Personal information from hundreds of Colorado Department of Transportation contractors may have been compromised after a data breach involving a CDOT employee.

The employee, who is no longer working for CDOT, had access to a database for several hundred disadvantaged and emerging small businesses. The database for Emerging Small Business (ESB) and Disadvantaged Business Enterprise (DBE) firms contained confidential information -- including tax returns.

“We believe that there is a data breach on the database itself where an employee accessed information and may be using that and selling that information externally,” CDOT spokeswoman Amy Ford said.

The businesses potentially affected by the data breach submitted information to CDOT in order to qualify for ESB and DBE programs, Ford said. The programs are designed to give small, disadvantaged businesses an opportunity to contract with CDOT on construction, professional service, research and more.

Ford said the employee involved in the breach had been working for CDOT less than a year. She could not release the employee's name or say why that person had access to the database. Ford added that CDOT is taking the data breach “incredibly seriously” and referred the case to the Colorado Bureau of Investigation.

“Obviously, we’re going to be going back and looking back at our procedures and our policies to ensure who has access to that information, how it’s used and then ensure that we’re protecting that as we move forward,” Ford said.

A letter from CDOT Chief Engineer Joshua Laipply sent to DBE and ESB firms on Wednesday was obtained by 9NEWS. In the letter, Laipply informs the firms of the breach of information.

“The firms whose information was specifically found in the investigation have been contacted, however the individual had access to our entire database, so all may be at risk,” Laipply wrote.

Laipply also said family members of firm owners were targeted in the breach. Laipply referred to the employee involved in the breach as a “probationary employee” who worked at CDOT from January 2016 to April 2016.

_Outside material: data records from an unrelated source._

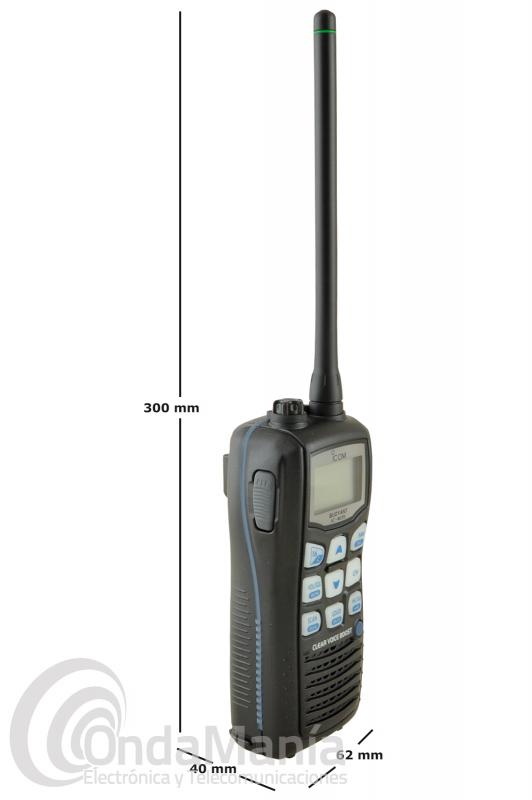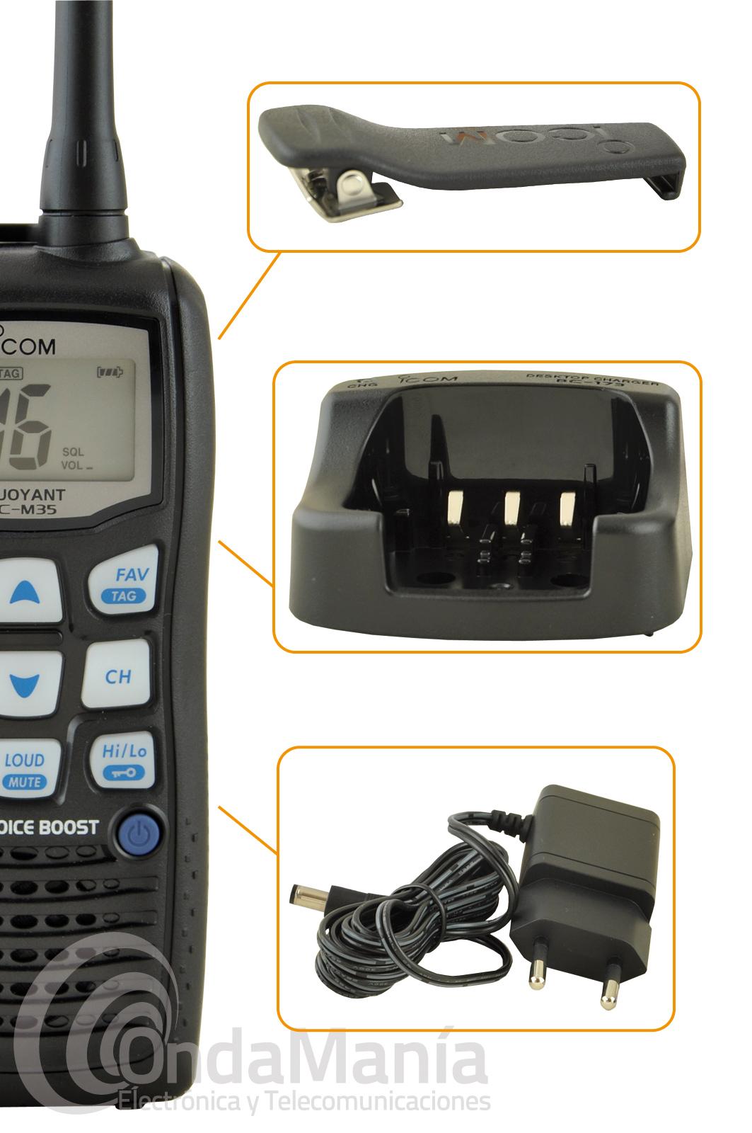 Icom IC-M35 walki talky de banda marina con batería de Ion-litio, construcción resistente al agua "watterproof" , 6 W. de potencia y novedosas funciones como: "Automatic Volume Adjustment" Eleva la claridad de la voz: El transceptor tiene la función de detección de ruido que permite ajustar el volumen de forma automática y función "Volume Loud" que permiten maximizar el nivel de volumen para ofrecer comunicaciones claras en ambientes marinos ruidosos. "Noise Cancellins Mic" Micrófono para cancelación de ruido: El sub-micrófono en el panel posterior invierte la fase y cancela el ruido de ambiente del micrófono principal. Como resultado, el transceptor reduce la influencia del ruido de fondo ( paryicularmente los ruidos medios) de la señal. Norma IPX7 Flota en el agua (1 m. durante 30 minutos): el equipo flota en el agua dulce o salada aunque tenga accesorios suministrados conectados. Puede que se hunda si se utilizan baterías, correas,... de otras marcas. Otras características opcionales: 6 vatios de potencia de transmisión 700 mW de salida de audio con el altavoz interno 8 Horas de autonomía (TX (Hi): Rx: reposo= 5:5:90) Nº de aprobación de la D.G.M.M. 52.0101 Accesorios suministrados de serie:
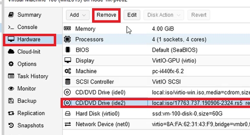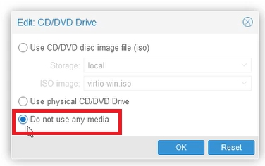 From the second drive, we can remove the CD with the drivers. Select Hardware -> CD/DVD Drive (ide0) Click Edit and select “Do not use any media”.
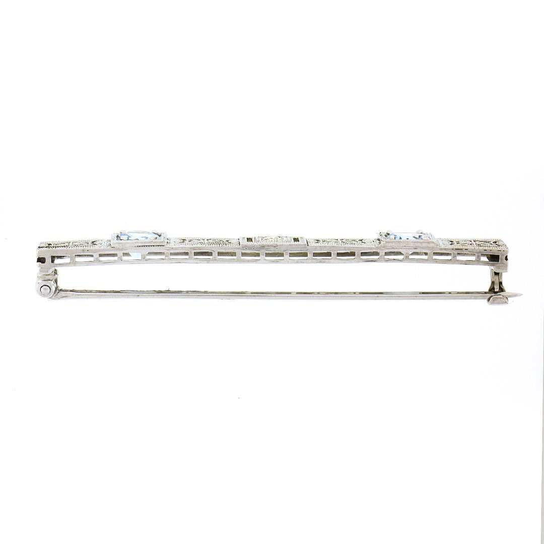 An antique solid 14k white gold bar brooch. with 2 round brilliant cut natural aquamarines (5mm each / 1.0ctw), and 1 old european cut natural diamond ( H - SI1 ; 0.06ctw ). Measures 6.50x54.40mm and weighs a total of 3.69 grams.
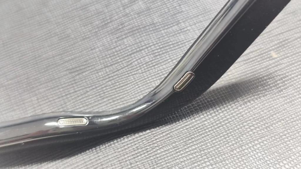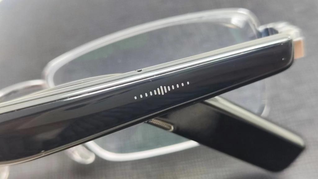 镜腿后侧有扬声器开孔,单只镜腿搭载了两颗扬声器单元,组成了这款产品的主要卖点——四扬声器阵列。
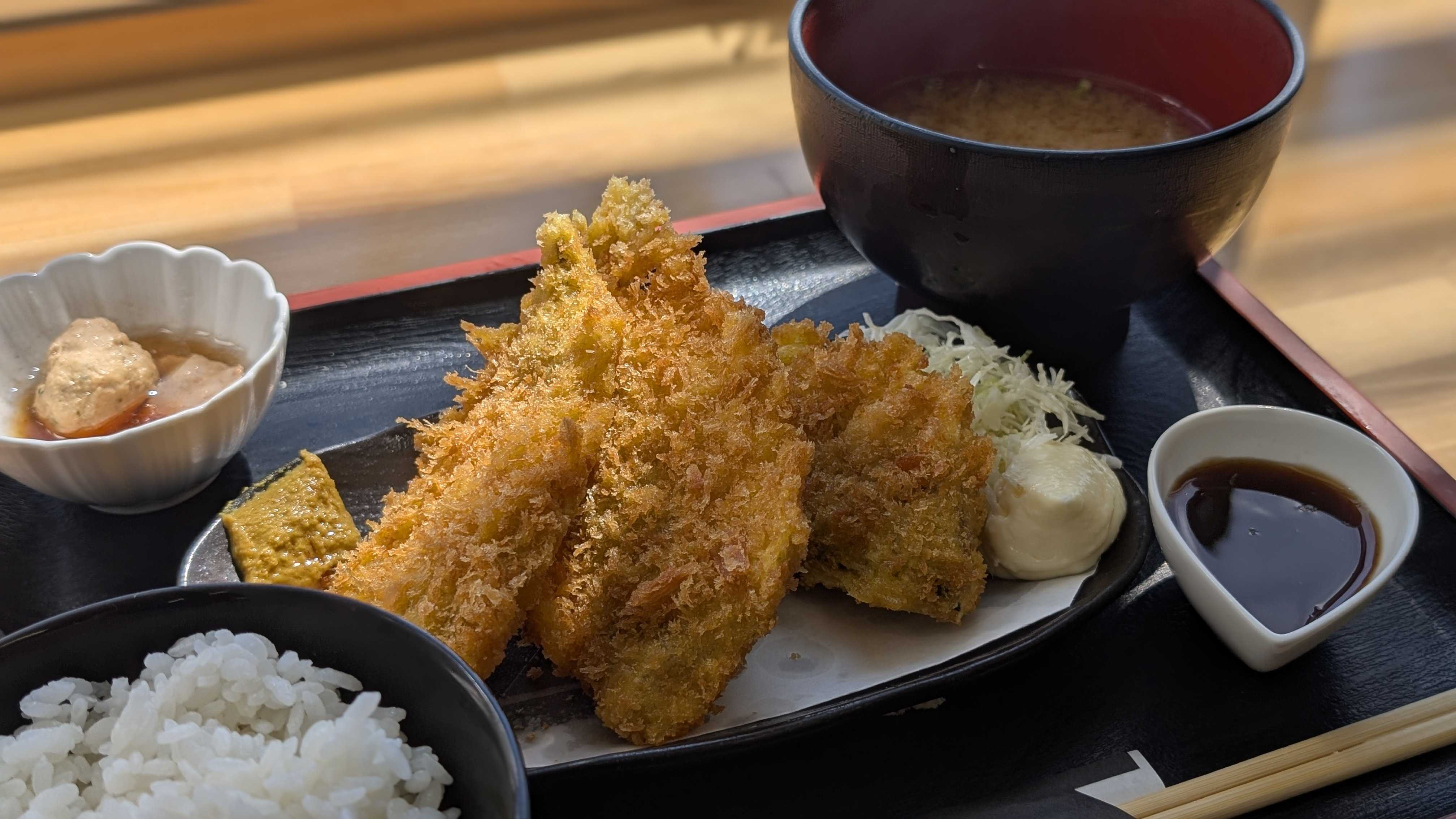 とある日、清水に朝からおったあきらっく。せっかくだからと朝食が食べれるのかよくわからなかったんですけど、『魚市場食堂』に行きました。本当はお隣にある『河岸の市』さんに行ったのですけど、こちらはお店がやってない時間だったので入れなさそう。お隣にある、『魚市場食堂』は営業されているお店が複数ありました。その中で「漁師めし岸家」さんに行きました。理由はなんとなく海鮮丼とかは食べたくなかったので、ほかないかなーって思ってたらちょうどおすすめでアジフライがあるっていうことで入ってみたのです。そしたら基本的には単品(2枚)でのオーダーだったらしいのですけど、他のを食べる気がなかったので3枚にしてもらうことでご飯とお味噌汁をつけてもらって定食にしてもらいました。衣が厚めではあるんですけど、ホクホクのアジがうまうまでございました。ただ、アジフライ定食をオーダーできちゃったせいで、他のお客さんもアジフライ定食を頼まれる方がいたのでちょっと申し訳なかったです。なぜって?海鮮丼より単価が安いからw-------------#狂躁的非日常と日常#あきらっく#ささだあきら#静岡県#静岡市#清水区#魚市場食堂#漁師めし岸家#アジフライ定食#アジフライ-------------

9NEWS reached out to several DBE and ESB firms who may have been impacted by the data breach. One business owner said she submitted to CDOT as part of a DBE application, her social security number, multiple personal and business tax returns, credit card information and a list of assets and debt.

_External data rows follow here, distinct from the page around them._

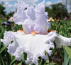 Ирис высокий бородатый Vanilla Frappe (Ванилла Фраппе). Стандарты нежно-лавандовые, зубчатые, пенные. Фолы чуть светлее. Цветок с эффектом сверкающей пудры. Бородка мандариновая с небольшими лавандовыми рожками. Очень крупные, кружевной, нежный! Срок цветения средне-поздний, высота 89 см.
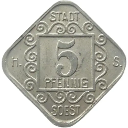 | Obverse lettering | STADT H. 5 S. PFENNIG SOEST |
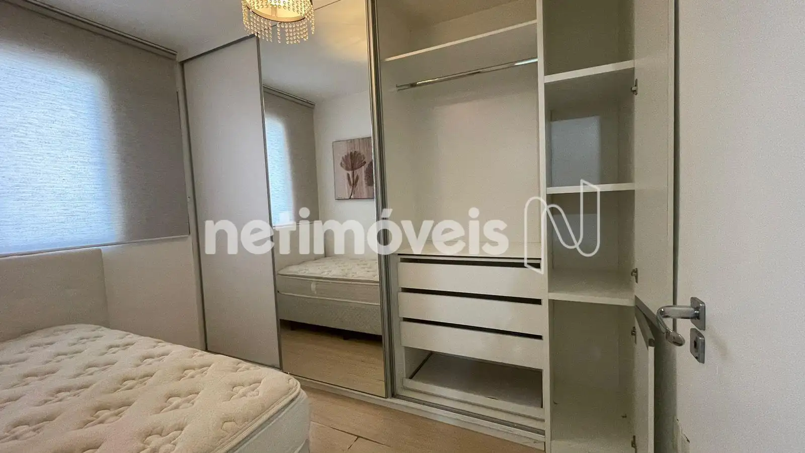 2 quartos com armários, piso em laminado, sendo 1 suíte.
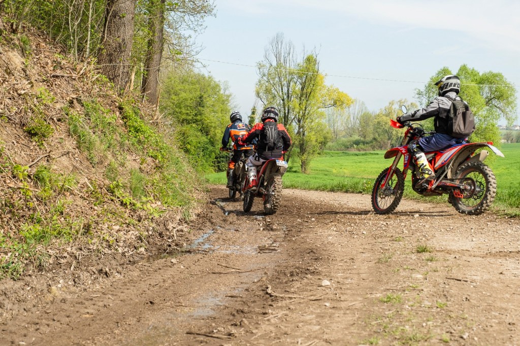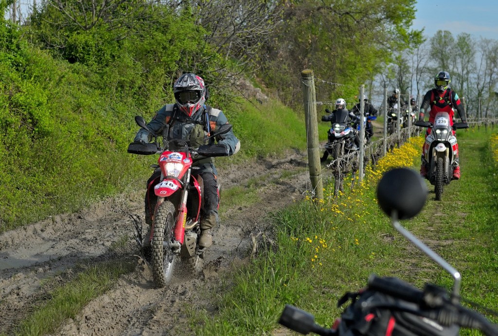 Io come detto parto per ultima quindi attorno alle ore 10 a bordo della mia amata KTM 250 a 4 tempi datami da Motorstore di San Marino,moto alla quale dopo ho installato il roadbook. Ahimè però al sesto km il motorino del roadbook non collabora e scoproche avrei girato tutto a mano il roadbook! Pazienza, fa parte del gioco. Ammetto che questi piccoli imprevisti mi fanno sorridere ed ero contenta perché è come nei viaggi… spesso le cose non sono perfette ma sono stupende proprio per questo. I primi chilometri si percorrono lungo strade di campagna immersi in molteplici vigneti in zone collinari conducendo i piloti nella parte sud del lago, nella zona dell’alto mantovano. I percorsi sono semplici e scorrevoli ma la navigazione è impegnativa vista la grande quantità di bivi e stradine da prendere. Difatti mi trovo subito a rincorrere ovunque persone perse per le campagne ed incontro nel primo pezzo anche il pickup dell’assistenza in soccorso ad un partecipante in panne con il proprio mezzo.

Amy Ford said CDOT has contacted all of the affected business owners.

“We’ve reached out to them to talk already about how you protect when it comes to issues of identity theft,” Ford said. “We’re also going to be working to extend identity theft services to them moving forward for the next year.”

Thursday evening CDOT contacted business owners potentially affected by the breach and offered them a free year of credit monitoring services. CDOT also recommended business owners redact social security numbers, accounts and other information provided to CDOT.